The risk score for each sample was then calculated using the prediction function in the survival package, and all breast cancer patients were divided into high- and low-risk groups based on the median risk score. Kaplan–Meier survival curves were constructed using the "survminer" and "survival" packages to compare the overall survival between the high and low risk groups. Furthermore, risk curves for all cohorts and survival status maps for all patients were visualized using the pheatmap package. The accuracy of above prognostic model was rigorously appraised through the generation of receiver operating characteristic (ROC) curves and computation of area under the curve (AUC) values [22].
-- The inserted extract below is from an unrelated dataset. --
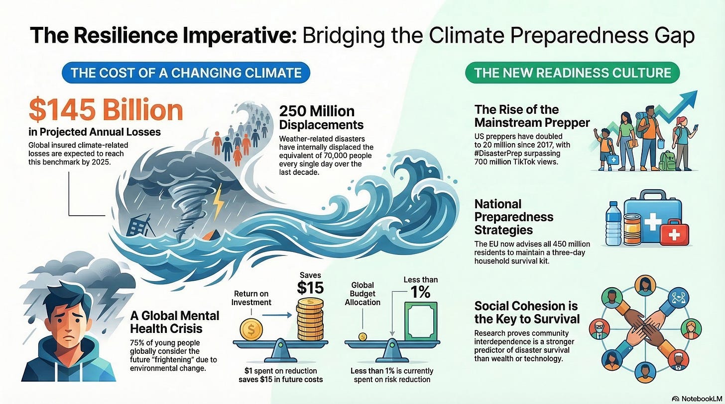 - The EU launched its Preparedness Union Strategy in March 2025, advising all 450 million residents to stock a three-day household survival kit.Community interdependence: resilience as a collective activity.

Construction of a nomogram integrating clinical variables

To enhance the precision of prognostic model, a comprehensive nomogram was developed by rms packages, which integrated risk score and clinical variables such as age and TNM stage [23]. The process initiated with univariate and multivariate Cox regression analyses to evaluate the independence of risk scores and clinical variables as prognostic factors. The predictive performance of this nomogram was rigorously compared to other prognostic factors through Receiver Operating Characteristic (ROC) analysis and Decision Curve Analysis (DCA), utilizing the timeROC and ggDCA packages, respectively.
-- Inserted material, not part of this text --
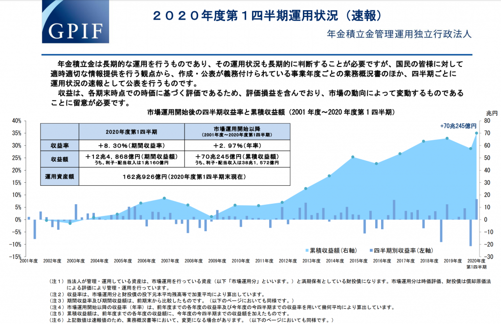 ※年金積立管理運用独立行政法人(GPIF)2020年度第1四半期運用状況(速報)
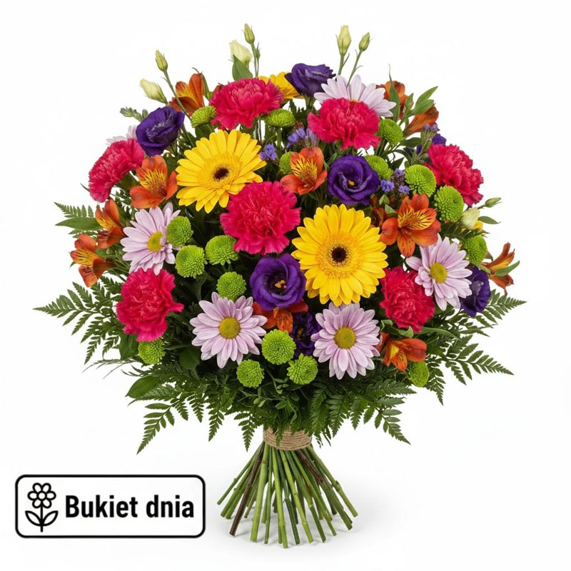 Bukiet Dnia to świeża kompozycja kwiatowa przygotowywana każdego dnia przez lokalną florystkę. Każdy bukiet tworzony jest z aktualnie dostępnych kwiatów, dobranych w spójną całość. W bukiecie wykorzystywane są kwiaty sezonowe i całoroczne, co pozwala uzyskać estetyczny i trwały efekt. Bukiet Dnia to doskonały wybór na prezent lub miłą niespodziankę. Zamów Bukiet Dnia z dostawą na terenie Bydgoszczy i pozwól nam zadbać o jakość realizacji.

Evaluation of immune landscape in high- and low-risk group

In order to explore the biological functions of different risk group, Gene set enrichment analysis (GSEA) was employed by org.Hs.eg.db and clusterProfiler package, where gene set of "c2.cp.kegg.v7.4.symbols.gmt" was obtained from the MSigDB database (https://www.gsea-msigdb.org/gsea/msigdb/index.jsp) [24]. Given the critical role of the tumor microenvironment (TME) in tumor immunotherapy [9], we utilized the ESTIMATE package to assess TME composition [25]. This entailed calculating immune scores, stromal scores, and ESTIMATE scores, which were used to estimate the levels of stromal and immune cells within malignant tumor tissues based on gene expression characteristics. In addition, the CIBERSORT algorithm was applied to evaluate the transcriptome data and quantify the infiltration levels of 22 immune cells in each sample [26]. Therefore, after evaluating the differences of the above tumor microenvironment and immune infiltration related indicators in the high and low risk groups, Pearson correlation analysis was used to further analyze the correlation between immune cell infiltration level and risk score.
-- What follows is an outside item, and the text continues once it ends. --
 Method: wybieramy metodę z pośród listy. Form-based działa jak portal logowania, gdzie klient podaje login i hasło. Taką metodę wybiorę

Estimation of immunotherapy response

Following a comprehensive analysis of the immune landscape across various risk groups, we proceeded to investigate their respective immunotherapy responsiveness by assessing parameters such as immune checkpoint expression, and IPS score. The Immunophenotype Score (IPS), a well-established predictor of CTLA-4 and PD-1 responsiveness, was acquired from the TCIA database (https://tcia.at/) and leveraged to forecast the responses of high- and low-risk groups during immune checkpoint inhibitor therapy [27].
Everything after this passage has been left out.